[Records contained in a dataset]
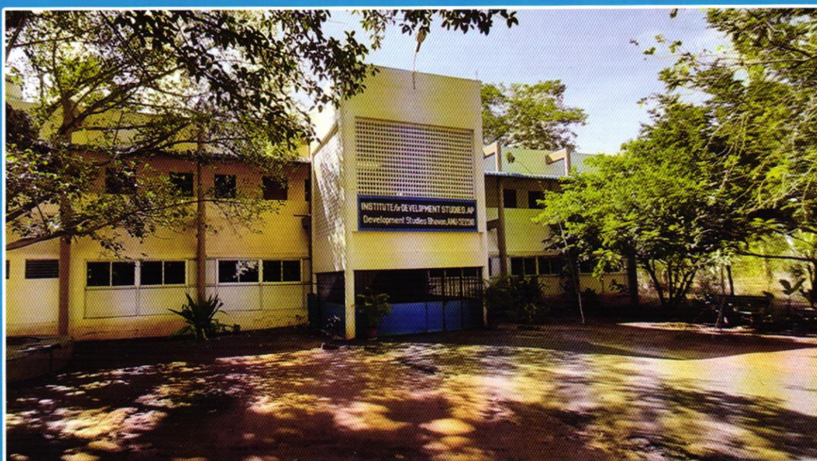
IDSAP, Branch at Acharya Nagarjuna University, Guntur.
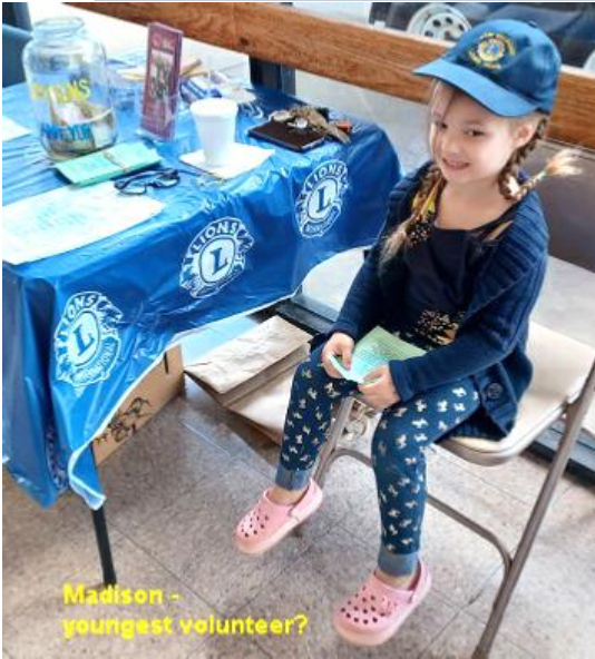
Madison - youngest volunteer?
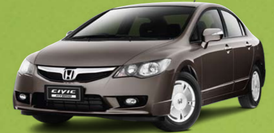
Urban Titanium Metallic*
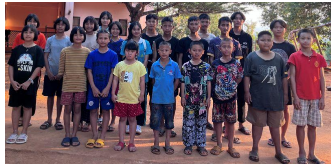
The children of the orphanage
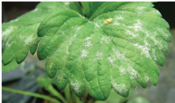
An infected leaf shows the devastating impact of Strawberry Powdery Mildew on plant performance.
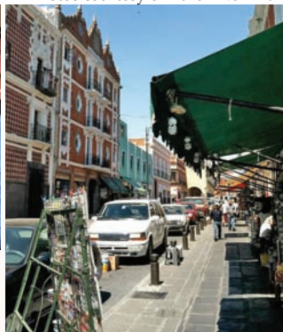
City market on the streets of Puebla
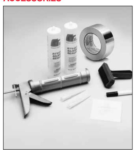
RTM Mounting Kit: Provides the materials and tools necessary to install RT FlexiPanels. Kit includes adhesive with applicator, spreader, roller and attachment tape. One kit will facilitate the installation of up to 7500 cm<sup>2</sup> of heating panel.
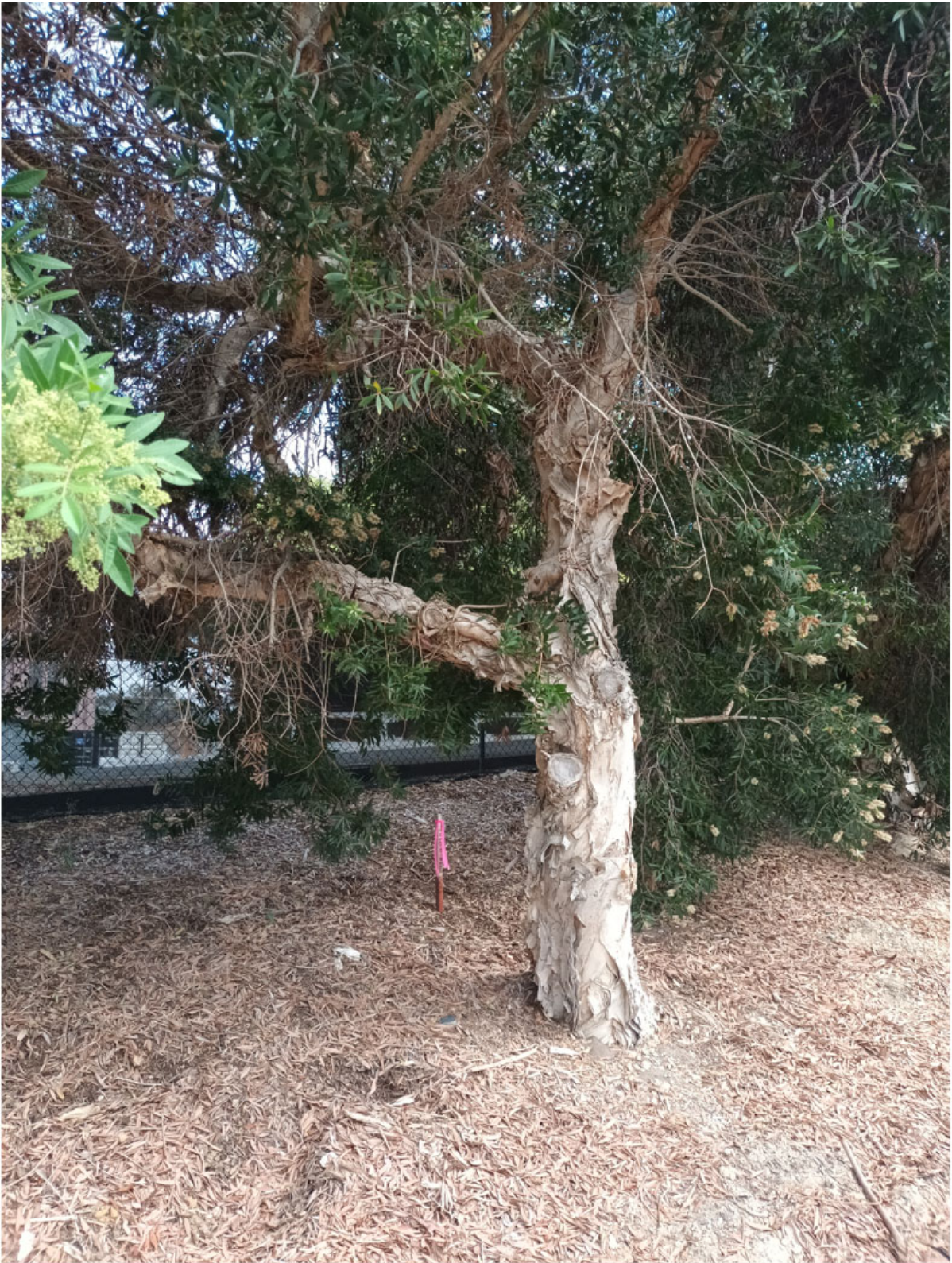
Figure 5 - Tree #2
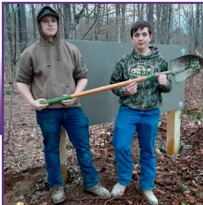
Pictured Right: Service Project: Building a patterning board & range!
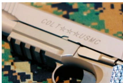
DB M45A slide has detail engravings.
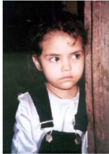
A young girl from Vallue Nuevo.
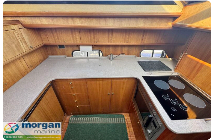
Humber 42 TSDY - galley
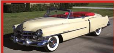
1950 CADILLAC SERIES 62 - WITHOUT RESERVE
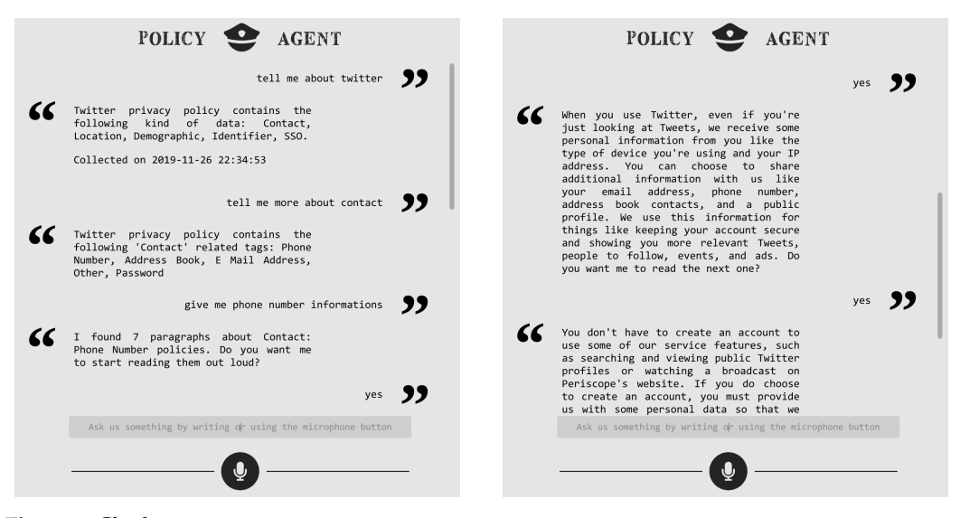
Figure 3. Chatbot prototype.

Figure 3 shows an example of the session during which the user asks the chatbot about the privacy policies of Twitter, asking for further information about the way the service handles contacts, and in particular phone number information. Of course, the user can interact vocally with the agent using a smart speaker like Google Nest.

▸ Exercise instructions:
The records above are to be reproduced exactly; the pictures are to be left out.

▸ Answer space:
IDSAP, Branch at Acharya Nagarjuna University, Guntur.
Madison - youngest volunteer?
Urban Titanium Metallic*
The children of the orphanage
An infected leaf shows the devastating impact of Strawberry Powdery Mildew on plant performance.
City market on the streets of Puebla
RTM Mounting Kit: Provides the materials and tools necessary to install RT FlexiPanels. Kit includes adhesive with applicator, spreader, roller and attachment tape. One kit will facilitate the installation of up to 7500 cm<sup>2</sup> of heating panel.
Figure 5 - Tree #2
Pictured Right: Service Project: Building a patterning board & range!
DB M45A slide has detail engravings.
A young girl from Vallue Nuevo.
Humber 42 TSDY - galley
1950 CADILLAC SERIES 62 - WITHOUT RESERVE
Figure 3. Chatbot prototype.

Figure 3 shows an example of the session during which the user asks the chatbot about the privacy policies of Twitter, asking for further information about the way the service handles contacts, and in particular phone number information. Of course, the user can interact vocally with the agent using a smart speaker like Google Nest.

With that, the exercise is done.